- [HOW TO COMPLETE THIS TASK]:
Everything in the listing should be copied exactly, save for the pictures.

- [SOURCE DATA]:
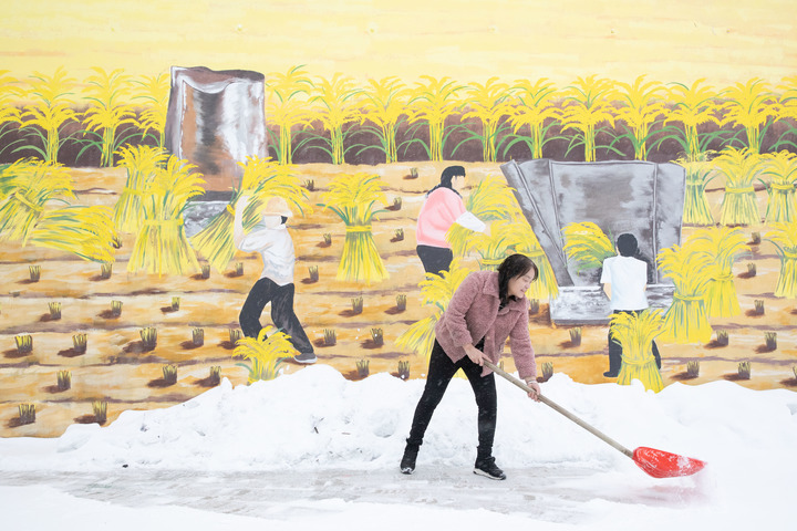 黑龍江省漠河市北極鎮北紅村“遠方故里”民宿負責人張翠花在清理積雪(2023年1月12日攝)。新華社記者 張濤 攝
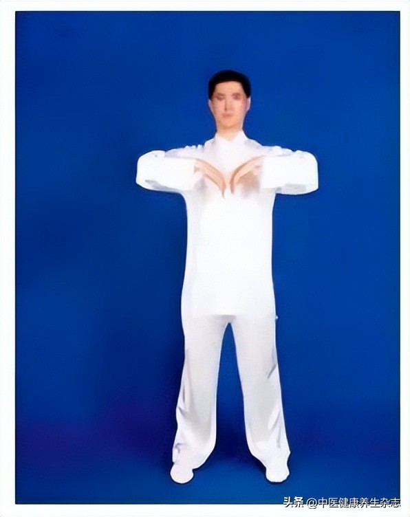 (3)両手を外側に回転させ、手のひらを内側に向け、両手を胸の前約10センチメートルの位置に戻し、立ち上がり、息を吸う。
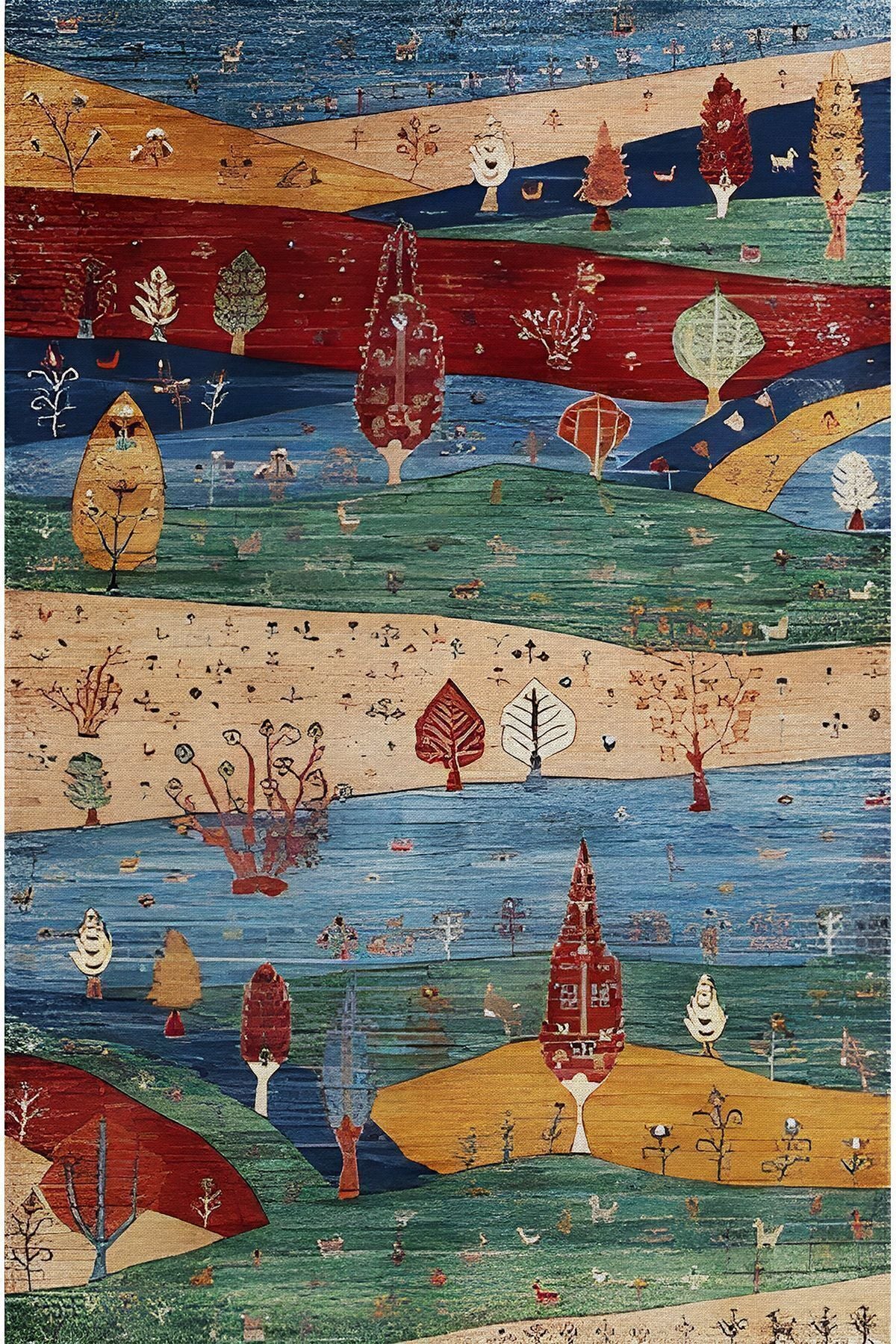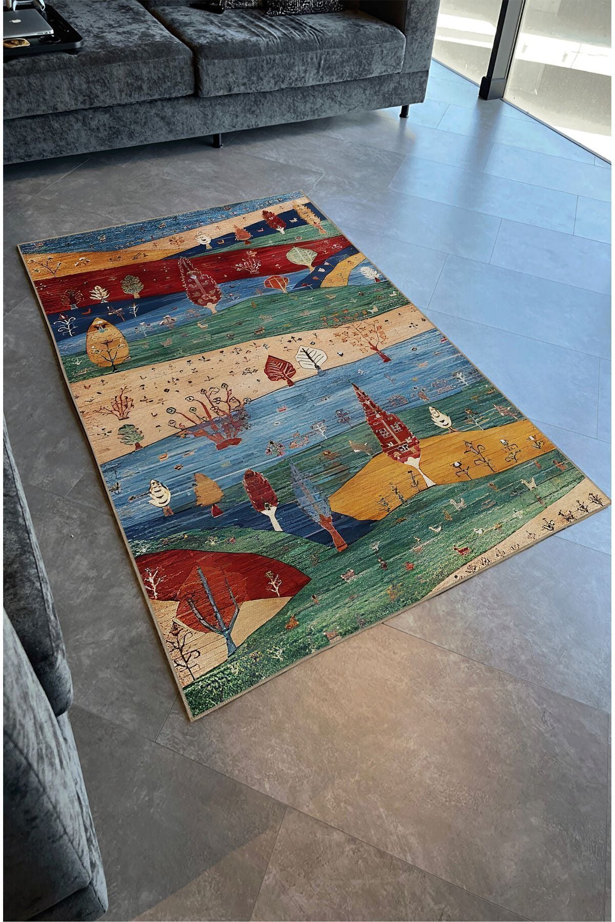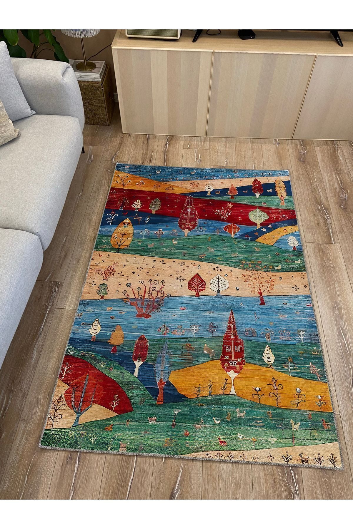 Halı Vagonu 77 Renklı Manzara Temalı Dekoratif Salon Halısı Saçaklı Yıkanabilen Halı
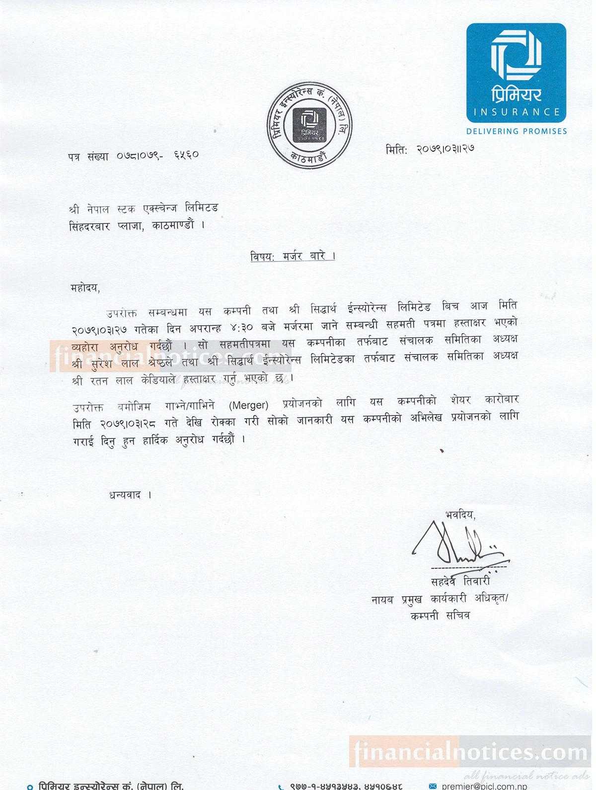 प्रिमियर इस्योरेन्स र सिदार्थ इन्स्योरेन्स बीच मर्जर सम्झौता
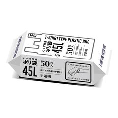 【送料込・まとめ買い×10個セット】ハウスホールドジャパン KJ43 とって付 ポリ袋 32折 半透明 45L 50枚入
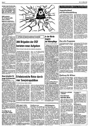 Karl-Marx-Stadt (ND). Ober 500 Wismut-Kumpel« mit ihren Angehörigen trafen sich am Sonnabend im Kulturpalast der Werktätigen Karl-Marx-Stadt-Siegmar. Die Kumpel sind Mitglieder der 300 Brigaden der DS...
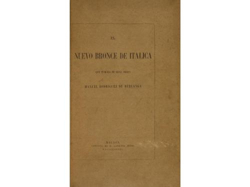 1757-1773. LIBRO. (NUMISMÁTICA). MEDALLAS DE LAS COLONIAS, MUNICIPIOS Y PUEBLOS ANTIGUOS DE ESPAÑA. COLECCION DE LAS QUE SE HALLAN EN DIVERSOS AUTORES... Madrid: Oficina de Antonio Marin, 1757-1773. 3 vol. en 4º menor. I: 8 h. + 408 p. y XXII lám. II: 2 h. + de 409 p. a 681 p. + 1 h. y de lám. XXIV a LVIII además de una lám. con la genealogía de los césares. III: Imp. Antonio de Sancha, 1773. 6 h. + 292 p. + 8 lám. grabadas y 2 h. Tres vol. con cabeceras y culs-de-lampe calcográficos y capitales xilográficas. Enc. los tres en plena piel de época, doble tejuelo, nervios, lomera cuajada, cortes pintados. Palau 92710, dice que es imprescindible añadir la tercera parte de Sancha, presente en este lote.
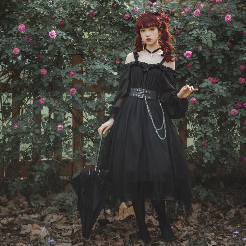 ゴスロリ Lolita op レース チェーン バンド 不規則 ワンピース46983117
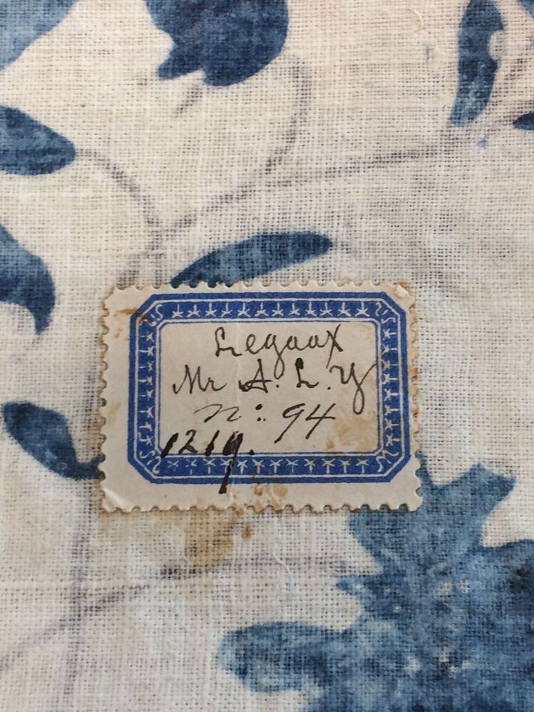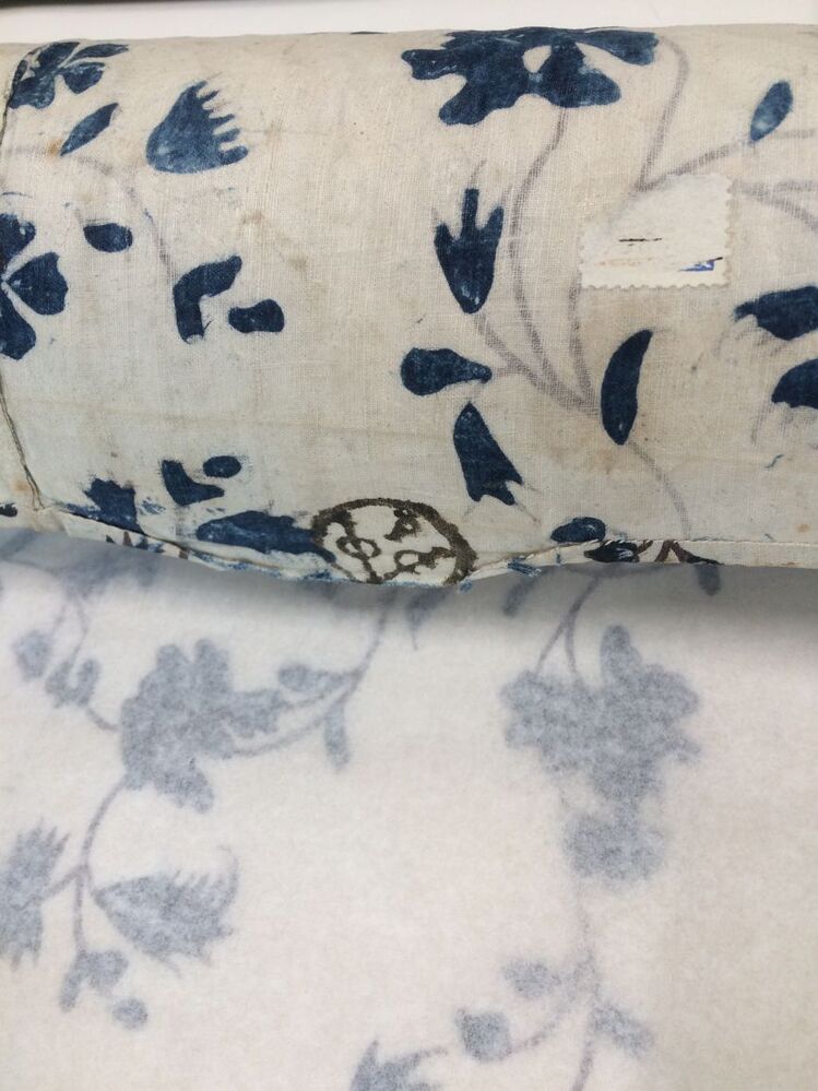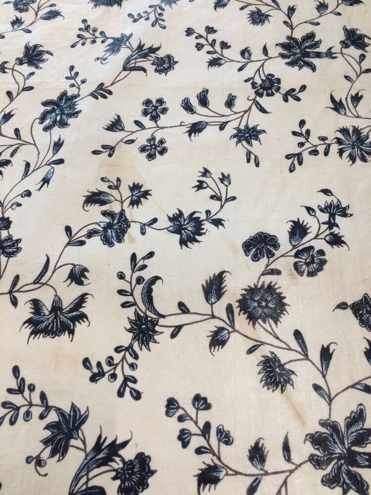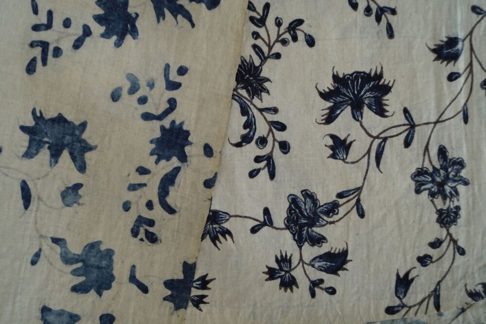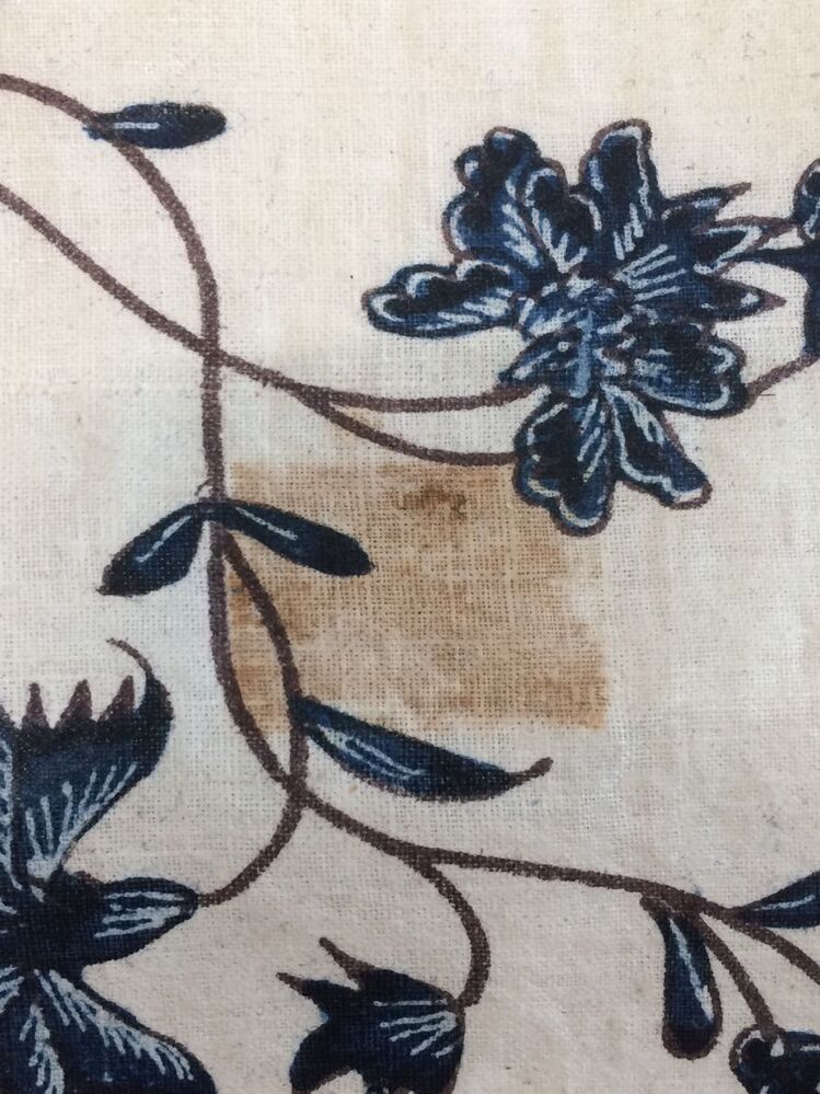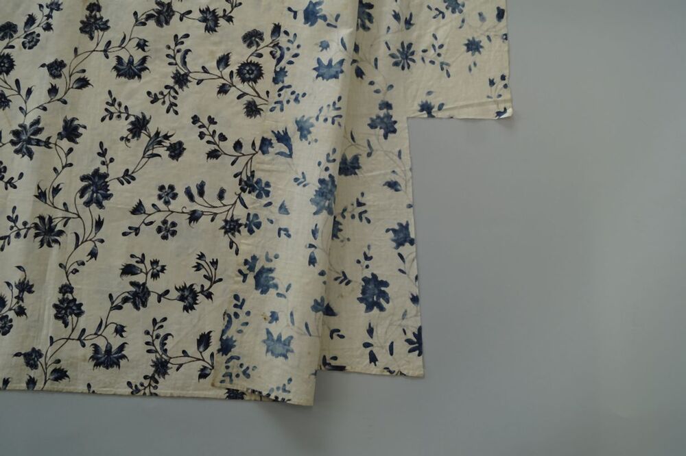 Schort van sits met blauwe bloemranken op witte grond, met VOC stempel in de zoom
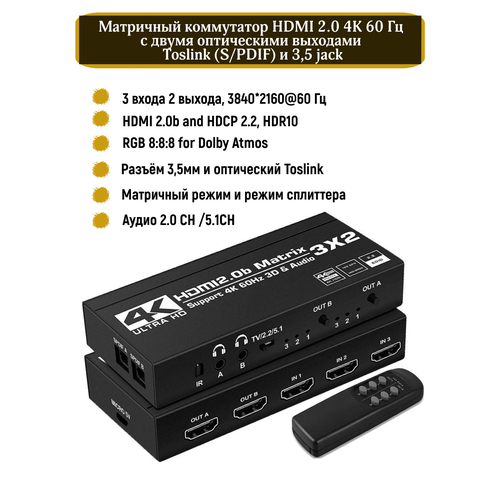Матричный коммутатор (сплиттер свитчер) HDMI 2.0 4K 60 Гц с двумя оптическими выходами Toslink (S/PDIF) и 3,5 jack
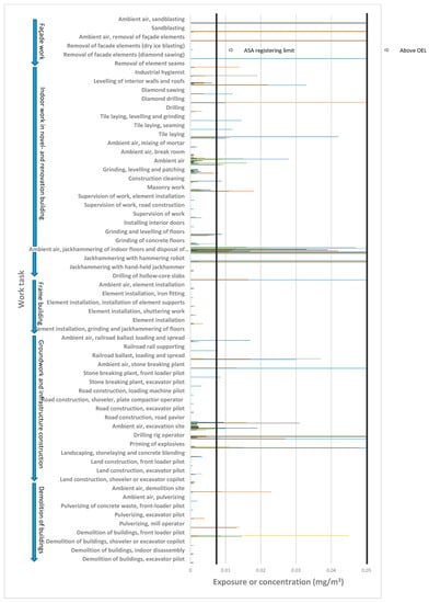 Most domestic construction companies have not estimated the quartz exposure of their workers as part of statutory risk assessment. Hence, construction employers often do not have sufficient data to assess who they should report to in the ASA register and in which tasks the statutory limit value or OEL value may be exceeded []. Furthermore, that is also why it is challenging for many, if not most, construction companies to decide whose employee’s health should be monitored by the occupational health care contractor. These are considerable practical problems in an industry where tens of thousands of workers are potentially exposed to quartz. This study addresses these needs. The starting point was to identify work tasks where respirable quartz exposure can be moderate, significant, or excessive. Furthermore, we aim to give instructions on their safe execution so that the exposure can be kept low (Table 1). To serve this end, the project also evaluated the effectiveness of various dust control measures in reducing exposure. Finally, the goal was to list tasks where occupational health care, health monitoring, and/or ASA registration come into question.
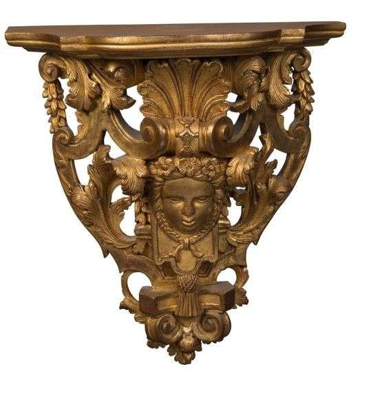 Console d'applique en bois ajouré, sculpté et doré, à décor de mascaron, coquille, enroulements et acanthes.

- [RESPONSE]:
 黑龍江省漠河市北極鎮北紅村“遠方故里”民宿負責人張翠花在清理積雪(2023年1月12日攝)。新華社記者 張濤 攝
 (3)両手を外側に回転させ、手のひらを内側に向け、両手を胸の前約10センチメートルの位置に戻し、立ち上がり、息を吸う。
 Halı Vagonu 77 Renklı Manzara Temalı Dekoratif Salon Halısı Saçaklı Yıkanabilen Halı
 प्रिमियर इस्योरेन्स र सिदार्थ इन्स्योरेन्स बीच मर्जर सम्झौता
 【送料込・まとめ買い×10個セット】ハウスホールドジャパン KJ43 とって付 ポリ袋 32折 半透明 45L 50枚入
 Karl-Marx-Stadt (ND). Ober 500 Wismut-Kumpel« mit ihren Angehörigen trafen sich am Sonnabend im Kulturpalast der Werktätigen Karl-Marx-Stadt-Siegmar. Die Kumpel sind Mitglieder der 300 Brigaden der DS...
 1757-1773. LIBRO. (NUMISMÁTICA). MEDALLAS DE LAS COLONIAS, MUNICIPIOS Y PUEBLOS ANTIGUOS DE ESPAÑA. COLECCION DE LAS QUE SE HALLAN EN DIVERSOS AUTORES... Madrid: Oficina de Antonio Marin, 1757-1773. 3 vol. en 4º menor. I: 8 h. + 408 p. y XXII lám. II: 2 h. + de 409 p. a 681 p. + 1 h. y de lám. XXIV a LVIII además de una lám. con la genealogía de los césares. III: Imp. Antonio de Sancha, 1773. 6 h. + 292 p. + 8 lám. grabadas y 2 h. Tres vol. con cabeceras y culs-de-lampe calcográficos y capitales xilográficas. Enc. los tres en plena piel de época, doble tejuelo, nervios, lomera cuajada, cortes pintados. Palau 92710, dice que es imprescindible añadir la tercera parte de Sancha, presente en este lote.
 ゴスロリ Lolita op レース チェーン バンド 不規則 ワンピース46983117
 Schort van sits met blauwe bloemranken op witte grond, met VOC stempel in de zoom
Матричный коммутатор (сплиттер свитчер) HDMI 2.0 4K 60 Гц с двумя оптическими выходами Toslink (S/PDIF) и 3,5 jack
 Most domestic construction companies have not estimated the quartz exposure of their workers as part of statutory risk assessment. Hence, construction employers often do not have sufficient data to assess who they should report to in the ASA register and in which tasks the statutory limit value or OEL value may be exceeded []. Furthermore, that is also why it is challenging for many, if not most, construction companies to decide whose employee’s health should be monitored by the occupational health care contractor. These are considerable practical problems in an industry where tens of thousands of workers are potentially exposed to quartz. This study addresses these needs. The starting point was to identify work tasks where respirable quartz exposure can be moderate, significant, or excessive. Furthermore, we aim to give instructions on their safe execution so that the exposure can be kept low (Table 1). To serve this end, the project also evaluated the effectiveness of various dust control measures in reducing exposure. Finally, the goal was to list tasks where occupational health care, health monitoring, and/or ASA registration come into question.
 Console d'applique en bois ajouré, sculpté et doré, à décor de mascaron, coquille, enroulements et acanthes.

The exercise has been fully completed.